We routinely traverse these streets and these grounds and don't think about what used to
be there, who used to be there, and why they're no longer there.
I collaborate with faculty member in media arts, film and media studies.
We're supervising a team-taught class that is building out a mobile application for public
history surrounding Columbia and the University of South Carolina.
Ward 1 was a voting district about a mile square that includes the State House and the
University of South Carolina, and up until the 1960s it included a vibrant African-American
neighborhood.
I was born at 514 College Street, a little clapboard house situated between Pulaska Street
and Hugo Street.
I never saw any hunger days.
I was not a hungry baby.
So the best of what was the best, I had it.
So I never was a raggedy, dirty little baby, and so I was always a little clean, you know.
Thank you mama.
But growing up in Ward 1, it was brutal.
Ward 1 was declared a blighted area and urban renewal out of existence so the University
could take over the land.
I'm creepy blight.
I creep in when you don't make small repairs in time.
Just look what I can do.
Progress, as simple as that, progress came.

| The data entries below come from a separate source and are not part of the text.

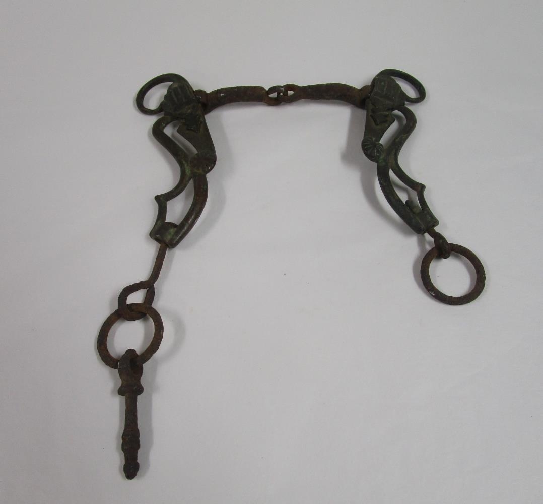 Beislisstangir og mél. Sennilega úr eigu Jóns Eyjólfssonar sem bjó og rak verslun í Sjávarborg (Hafnargötu 4) í Stykkishólmi (1936 - 1950). Jón var hestamaður og hafði hesthús í kjallara Sjávarborgar. Beislisstangirnar og mélin fundust þar.
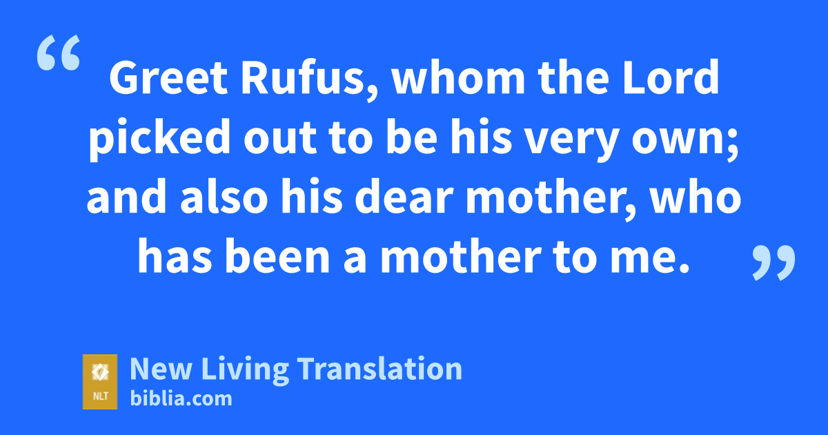 10 Greet Apelles, a good man whom Christ approves. And give my greetings to the believers from the household of Aristobulus. 11 Greet Herodion, my fellow Jew.* Greet the Lord’s people from the household of Narcissus. 12 Give my greetings to Tryphena and Tryphosa, the Lord’s workers, and to dear Persis, who has worked so hard for the Lord. 13 Greet Rufus, whom the Lord picked out to be his very own; and also his dear mother, who has been a mother to me.
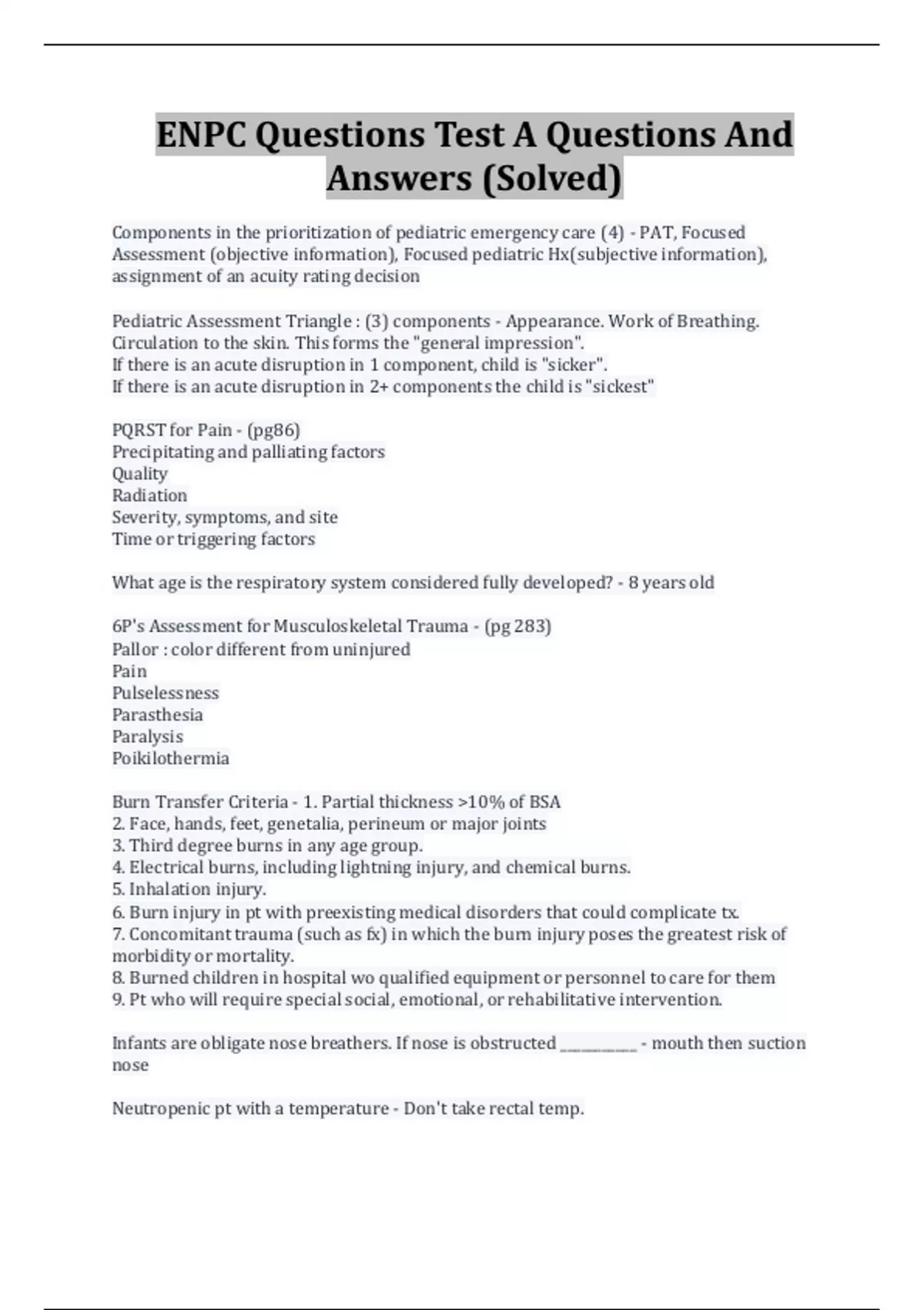 ENPC Questions Test A Questions And

You can help beat creepy blight, keep Columbia beautiful.
The only thing standing between that vision was those ugly little 514, little clapboard
houses, little shacks and little stuff like that that dotted the community.
It was just like any other kind of genocide or kind of program where you get rid of the
other people and then come back in with your master plan.
And to be part of it now, to tell my story for that app that's going to be done.
Apps, applications, whatever that is, young lady, that is just so full over my head.
You know what I mean?
How to develop it and all of that, that's why I talked to Dr. Butte.
What we're building out is an app that will again be geolocative so it will have highlighted
places on a map as the Interactor wanders through the neighborhood and gets close to
one of the points.
The app will ping them with information.
You know, if you're on Assembly Street at college and looking at the Cougar Center and
looking down a little bit further south to the Darla Moore Business School, you will
be notified that you were near 827 Assembly Street and we had where you could see a photograph
of the house that used to stand right there.
We have one group this semester that's doing a simulation of what would have been WOIC
radio station back in the 1960s, late 50s and early 1960s.
So the ambient sound will come in the background.
The Ward 1 organization members and former residents were talking about music that they
listened to.
They were talking about the juke joints.
My dad had a little juke joint called Brother Jones Barbecue Joint.
I said the student who was the music student in the class really found that compelling.
And so based on that, he's like, we could have a radio station.
So they did a lot of research about Booker T. Washington High School.
I graduated Booker T. Washington June the 2nd, 1958.
Went back through the yearbooks, went and studied the channels that exist in the Booker
T. Washington Auditorium Facility.
When are we going to get our cap?
Hopefully we'll have that for them the next year or so.
I think the Ward 1 community, the former residents and the Ward 1 organization members
are really fabulous people.
They have amazing stories to tell and we're very excited that they're sharing, that they
trust us enough to allow us to present their stories and their history in the way that
we have chosen to do so.
With Ward 1, if it is possible to walk the streets and hear the voices and see the images,
maybe you can understand what was there before.